You don't have to literally extend the data by reflection, this is just one way of visualizing the math. And technically, if you do not perform said extension, then the transform you subsequently perform is not strictly speaking a DCT, it could maybe be called a discrete half-cosine transform. In any case, the math works, and can be shown to be the equivalent of a DFT. Steve
spope384@gmail.com (Steve Pope) writes:

> Randy Yates <randyy@garnerundergroundinc.com> wrote: > >>dbd <d.dalrymple@sbcglobal.net> writes: > >>> On Monday, July 16, 2018 at 12:35:20 AM UTC-7, Randy Yates wrote: > >>>> spope384@gmail.com (Steve Pope) writes: > >>>> I don't see anything about "extension by reflection" in the definition >>>> of the DCT here (e.g., DCT-II): > >>>> https://en.wikipedia.org/wiki/Discrete_cosine_transform#Formal_definition > >>>> To what are you referring? > >>> Look for "implicit even/odd extensions of DCT input data". I think the >>> mp3 mentioned by the OP is DCT-IV. But what do you expect from using a >>> wikipedia as a technical reference? > >>Hi Dale, >> >>It seemed to me that Steve was saying you first have to extend the input >>sequence before applying the DCT. Based on the wikipedia article >>DCT definitions, that is not the case. > > You don't have to literally extend the data by reflection, this > is just one way of visualizing the math. > > And technically, if you do not perform said extension, then > the transform you subsequently perform is not strictly speaking a DCT, it > could maybe be called a discrete half-cosine transform.
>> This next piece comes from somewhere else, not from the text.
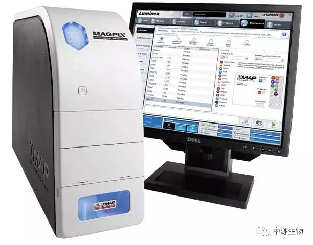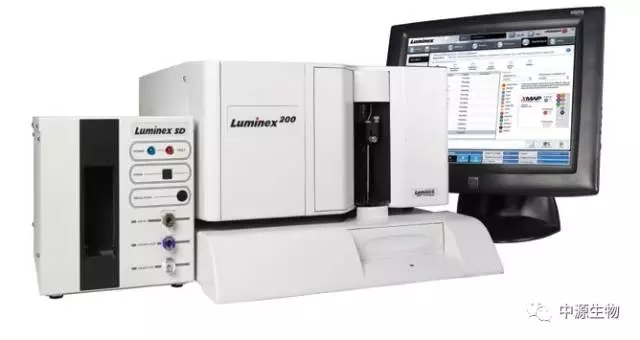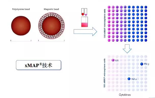 Luminex 技術(shù)應用微球和流式細胞儀的原理。微球內部含有兩種不同顏色的免疫熒光,通過(guò)熒光不同的比例可以區分多達100種不同的微球。每種微球可以用來(lái)檢測一種不同的蛋白或基因。因此,利用微球技術(shù)可以同時(shí)檢測高達100個(gè)蛋白。該技術(shù)利用熒光編碼的微球共價(jià)交聯(lián)單克隆抗體,與被測定的目標分子結合后,加入熒光素標記的檢測抗體,再通過(guò)激光掃描熒光編碼來(lái)識別單個(gè)微球和測量“檢測熒光”強度來(lái)確定被測分子的濃度。

[mallat, p.349] does use your exact terminology. I'll have to study more on the definitions and notions of extensions. @book{mallat, title = "A Wavelet Tour of Signal Processing", author = "St{\'e}phane Mallat", publisher = "Academic Press", edition = "second", year = "1999"} -- Randy Yates, DSP/Embedded Firmware Developer Digital Signal Labs http://www.digitalsignallabs.com
On Saturday, July 14, 2018 at 11:46:59 PM UTC-7, Christian Gollwitzer wrote:
> Am 15.07.18 um 08:17 schrieb RichD: > > The mp3 standard uses the discrete cosine transform (DCT), > > rather than the full DFT.
> Yes
> > Doesn't that imply throwing away half the information?
> No. It implies different boundary conditions. While the mathematical > definition of the (continuous) Fourier transform operates on an infinite > signal, these discrete transforms only operate over a buffer. Therefore, > it needs to be defined, what the data "outside" this buffer looks like. > If you do DFT (or FFT, which is the same result but faster), then it is > assumed that everything repeats at the boundary from start. If you do > DCT, it is assumed that it is mirrored. Let's say your buffer contains
> 1,2,3,4
The more usual description is that the FFT has periodic boundary conditions, DST has the function go to zero at the boundary, and DCT has the derivative go to zero. Putting transform blocks together, as is usually done in image reconstruction, the boundaries are less visible with DCT.
> Then for DFT it is assumed to be
> ....1,2,3,4,1,2,3,4,1,2,3,4,1,2,3,4,....
Specifically periodic boundary conditions.
> For DCT:
> ....1,2,3,4,4,3,2,1,1,2,3,4,4,3,2,1,....
The derivative is zero, such that the basis functions, and so the result of the transform have reflection symmetry.
> When the latter is transformed, due to symmetry, only cosine terms can > be there, the sine terms give zero. When you transform the former, due > to symmetry, half of the coefficients are the complex conjugate of the > other and also redundant. Therefore, there is always the same amount of > information.
> The DCT assumption has the advantage that there is can not be a jump at > the boundary.
The derivative has a jump, though. It is the same math as standing waves with shorted (DST) or open (DCT) boundary conditions on a transmission line. As to the OP question, there are the same number of basis functions, but they are different functions. In the 8 element case, the DFT has four sines and four cosines, DST has 8 sines, and DCT has 8 cosines. (Given real input data.)